I have tried running additional training, but the results are the same, and don't seem to improve. I've tried training on a custom dataset using the model architecture from the example, and the results are similar - the predicted key points don't correlate to the image.

That makes me suspect that there an issue with the model architecture proposed in the example:

def get_model():
    # Load the pre-trained weights of MobileNetV2 and freeze the weights
    backbone = keras.applications.MobileNetV2(
        weights="imagenet",
        include_top=False,
        input_shape=(IMG_SIZE, IMG_SIZE, 3),
    )
    backbone.trainable = False

    inputs = layers.Input((IMG_SIZE, IMG_SIZE, 3))
    x = keras.applications.mobilenet_v2.preprocess_input(inputs)
    x = backbone(x)
    x = layers.Dropout(0.3)(x)
    x = layers.SeparableConv2D(
        NUM_KEYPOINTS, kernel_size=5, strides=1, activation="relu"
    )(x)
    outputs = layers.SeparableConv2D(
        NUM_KEYPOINTS, kernel_size=3, strides=1, activation="sigmoid"
    )(x)

    return keras.Model(inputs, outputs, name="keypoint_detector")

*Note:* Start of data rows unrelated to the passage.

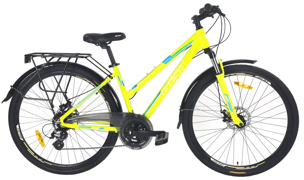Хорош как на пересеченной местности, так и на асфальтовых дорогах. Для защиты от грязи оборудован полноразмерными щитками, для вещей есть багажник. Легкая рама, дисковые тормоза и 24 скорости сделают путешествие не только комфортным, но и динамичным. Девочкам скучно не будет.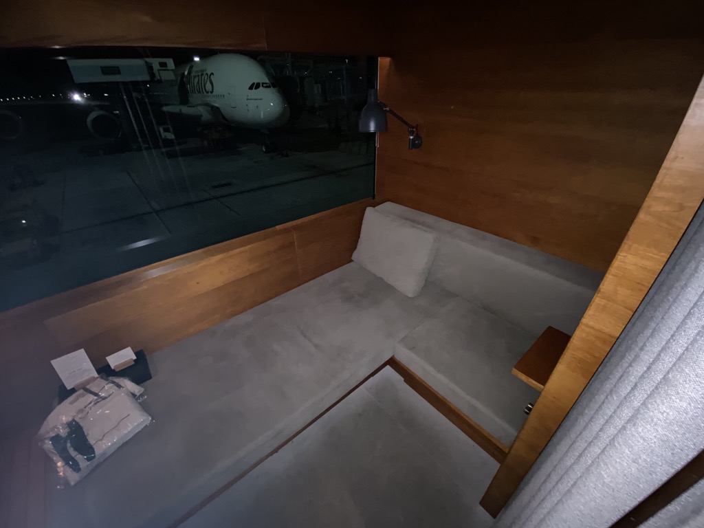 Besonders beeindruckt hat uns hier der Vorfeldblick. Schade fand ich persönlich, dass nur eine ganz dünne Decke gereicht wurde. Die Lounge war sehr gut klimatisiert und ich habe gefroren. Ebenso störend empfanden wir den Geräuschpegel bei den Dayrooms, da sie nur mit einem Vorhang geschlossen sind. Wir haben hier mit hochgelegten Beinen gearbeitet, aber an Schlaf wäre ohne Ohrstöpsel nicht zu denken gewesen.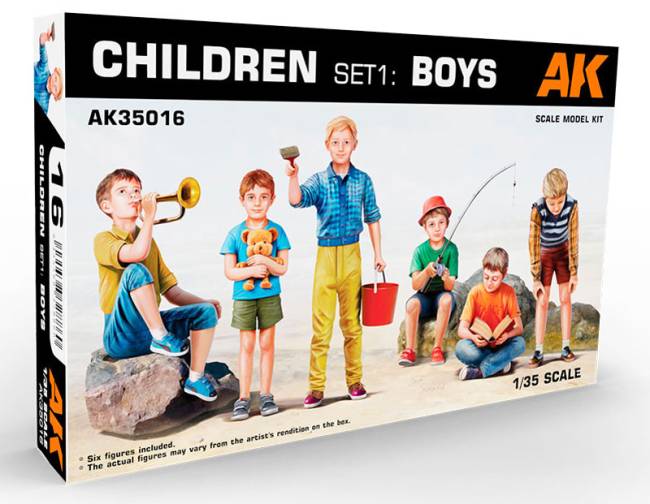 Manufacture Product Number : AKI-35016 This set includes six highly detailed, ready to assemble, 1/35 scale figures of male children which are represented in everyday positions, making them perfect for complementing any type of scene or diorama. |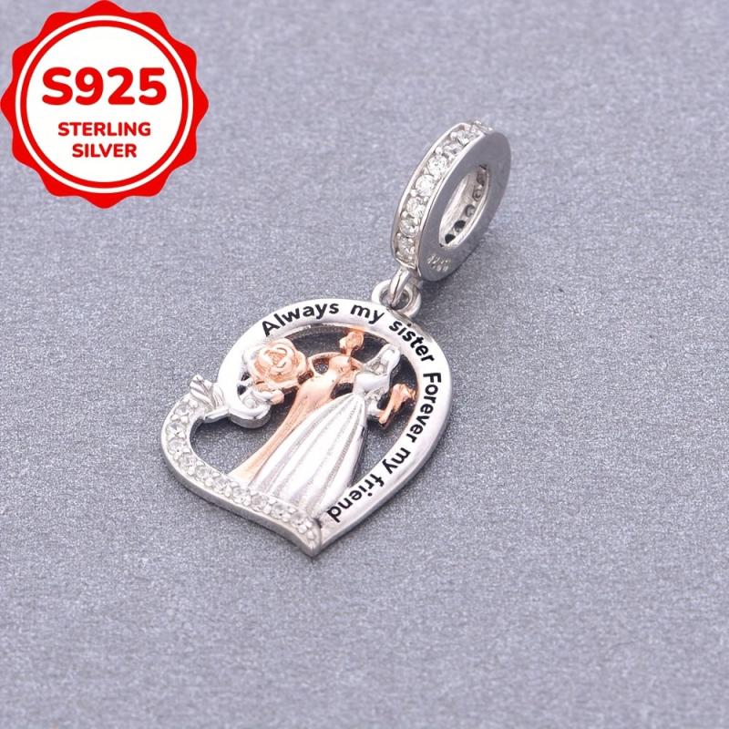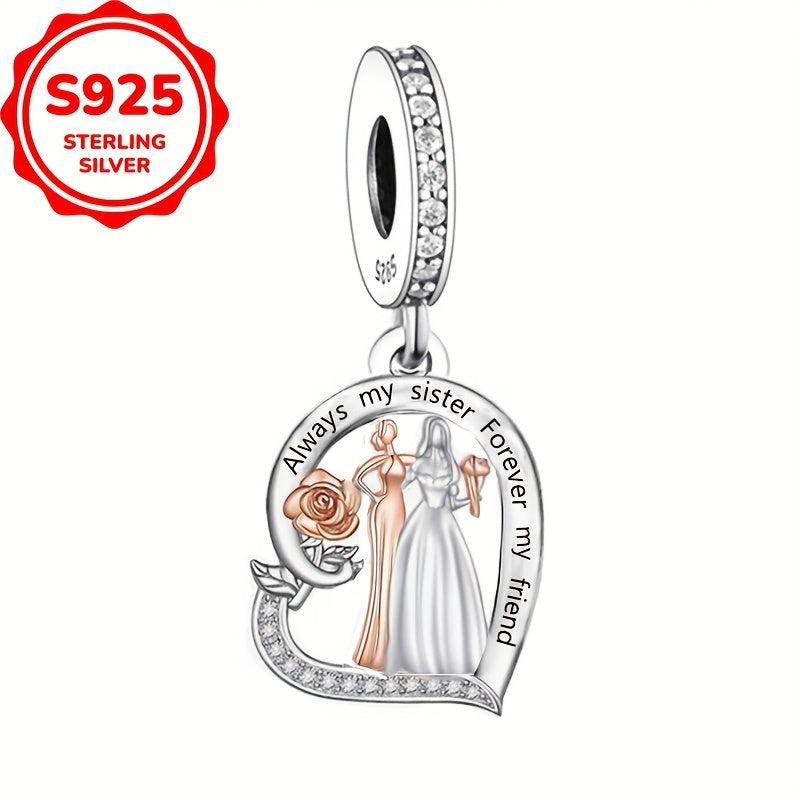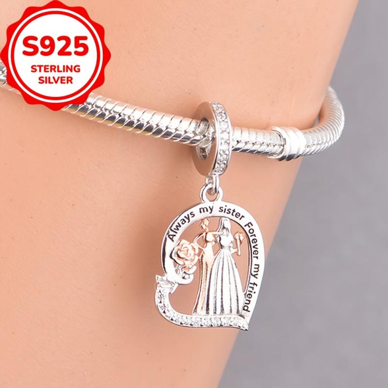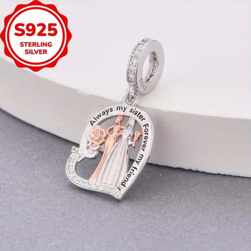 This 925 sterling silver heart-shaped charm is perfect for creating a special bracelet or necklace for your sister. It weighs 1.7g and is ideal for DIY jewelry making.

Is it possible that the model architecture suggested is not suitable for key point detection? I'm very interested in a basic keypoint detection architecture, but the example/guide is unfortunately not helpful.

If you can provide some pointers, I can take a pass at improving the example.

Thanks in advance

Standalone code to reproduce the issue or tutorial link

examples/vision/keypoint_detection.py

Relevant log output

No response

Answer 1 · 2024-01-03T20:14:46.000Z

Hi,

The tutorial is for demonstration purpose only, and it is not fine tuned to return the best outcome.

Feel free to fine tune the model as per the suggestion in the comment below.

Going further
Try using other augmentation transforms from imgaug to investigate how that changes the results.
Here, we transferred the features from the pre-trained network linearly that is we did not fine-tune it. You are encouraged to fine-tune it on this task and see if that improves the performance. You can also try different architectures and see how they affect the final performance.

If you get the bettewr convergence with the modification in the model architecture, you can create a PR to make the same changes. Thanks!

Answer 2 · 2024-01-18T01:46:06.000Z

This issue is stale because it has been open for 14 days with no activity. It will be closed if no further activity occurs. Thank you.

Answer 3 · 2024-02-02T01:44:05.000Z

This issue was closed because it has been inactive for 28 days. Please reopen if you'd like to work on this further.